Traditional methods of blasting or breaking rock in quarries and mines make use of high energy explosives, often referred to as detonating explosives. High energy explosives crush and pulverise the rock which can then be removed for either retrieving a sought after mineral within the rock or for disposal of the rock or both.
The problem with detonating explosives is that the ignition of the explosive is followed by a violent shockwave which may cause rock fragments to be projected from the explosion site. The projected rock fragments pose a great risk to mine workers, thus commonly requiring a large area surrounding the blasting site to be cleared. Furthermore, the pulverisation of the rock may create a dense cloud of dust surrounding the blasting site, making it impossible to work at the site for extended periods of time.
The problems associated with traditional methods of blasting or breaking rock resulted in the development of rock breaking explosives commonly referred to as non-detonating explosives. Non-detonating explosives function by containing and directing rapidly expanding gases within and against the rock, thereby causing the rock to break without a violent shock wave and pulverisation of the rock.
Non-detonating explosives are used by drilling boreholes into the rock, inserting non-detonating explosive cartridges containing a gas generating compound, commonly a propellant, into the boreholes and igniting the cartridges. Prior to ignition of the cartridge, the borehole must be stemmed commonly by packing particulate material, usually sand, into the borehole after insertion of the cartridge. The packed particulate material keeps the gases created by the cartridge within the borehole once the cartridge has been ignited resulting in high pressure being created within the borehole.
A drawback of non-detonating explosives is that adequate stemming of the borehole is of utmost importance, failure of which may cause some of the gas to escape thereby reducing the pressure exerted on the rock and causing the cartridge to be less effective. Furthermore, stemming of boreholes that run at a downward slope may be difficult thus often being very time consuming to achieve. Also, stemming material needs to be transported to the blasting site.

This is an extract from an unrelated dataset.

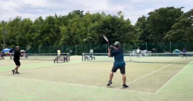 中高年!ダブルステニス!『気を付けよう!予期せぬバックスピン!』大分涼しくなってきましたね!・・・( ;∀;)2024/09~哲学堂公園【ひっ…

A self-stemming cartridge is proposed in U.S. Pat. No. 8,342,095. One embodiment of the cartridge disclosed in the patent has a sheath which is tapered radially inwardly at one end and which houses a gas generating compound and a cone. The patent discloses that the cone is forced in the direction of the taper upon ignition of the gas generating compound and forces the sheath outwardly, thereby stemming the borehole.

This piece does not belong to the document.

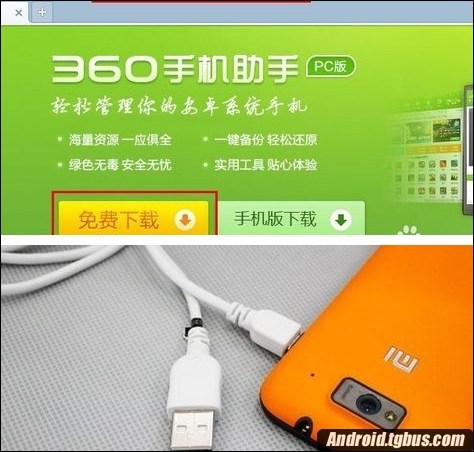 3、下載360手機助手PC版,然後在手機中安裝,安裝完成後將360手機助手打開。將紅米手機用數據線與電腦USB接口相連,如圖所示。

Drawbacks of the disclosed cartridge include the cartridge having a plug at one end which will be ejected from the cartridge prior to stemming, thus causing the stemming operation to stop and the cartridge to be ejected from the borehole without breaking any of the rock.

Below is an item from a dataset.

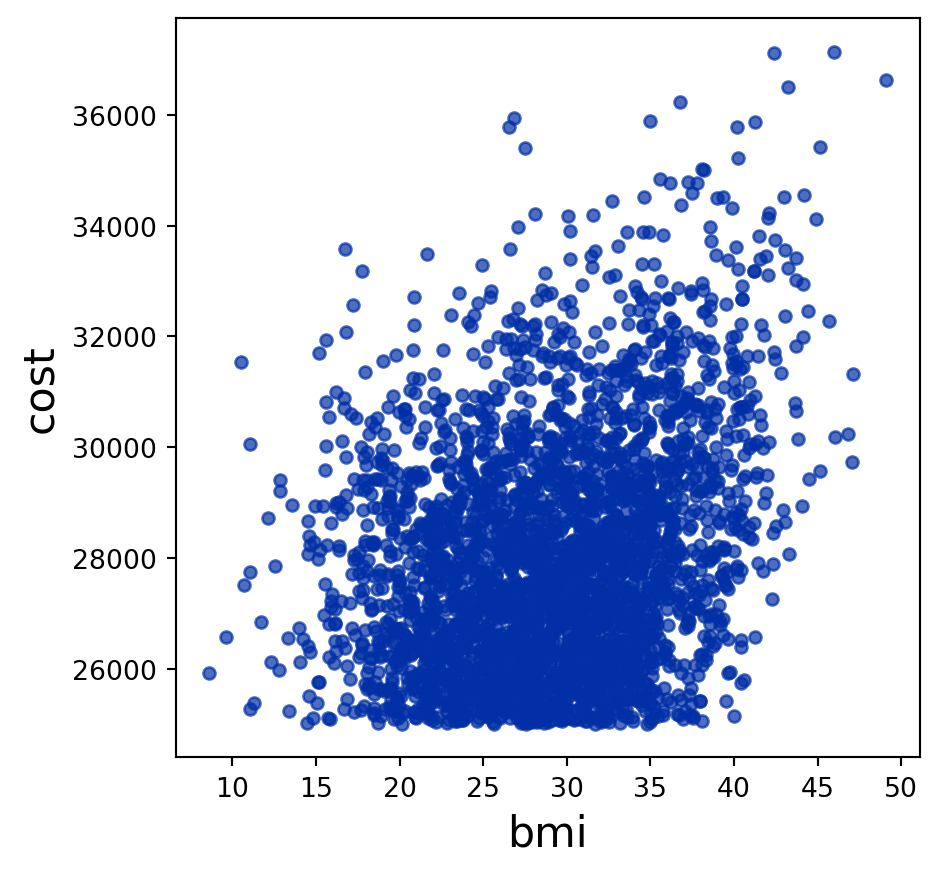 A scatter plot comparing the amount paid last year vs. BMI (titles are usually written as Y vs. X) for only the beneficiaries whose costs exceeded $25,000. Each dot on the scatter plot should represent one beneficiary.

Furthermore, the sheath is of a solid construction. This will permit gas to escape about the periphery of the cone when the sheath flexes outwardly after ignition and from the gas pressure within the cartridge. It is thus highly unlikely that the cone will operate to expand the sheath. Also, such flexing will cause the development of empty pockets within the sheath into which the gas can move, thus causing a drop in pressure within the cartridge and resulting in a cessation of combustion of the gas generating compound.
A further disadvantage of the cartridge disclosed in U.S. Pat. No. 8,342,095 is that the sheath is a solid tube and thus unlikely to expand sufficiently to stem the hole. Also, the detonator cord runs between cone and sheath creating a gap which will permit gas to escape and thus prevent proper working of the cartridge during manufacture and handling. The gap will also permit the propellant to leak out of the cartridge. Furthermore, the detonator must be inserted into the cartridge before it can be filled with propellant. This will create an inherently dangerous situation during assembly as there is a possibility of the detonator igniting the propellant during assembly.
There is no evidence of the cartridges proposed by U.S. Pat. No. 8,342,095 being commercially available and the applicant believes this to be a result of these not being capable of functioning for the reasons given above.
WO 2013/150462 discloses a self-stemming cartridge which includes a piston movable relative to a static member under pressure of gas generated in a cartridge to cause expansion of the static member and stemming of the borehole. This cartridge is effective yet requires moving parts to operate.
In this specification, “propellant” shall have its widest meaning and include any suitable gas producing material, and “igniter” shall mean any device capable of causing the propellant to produce gas.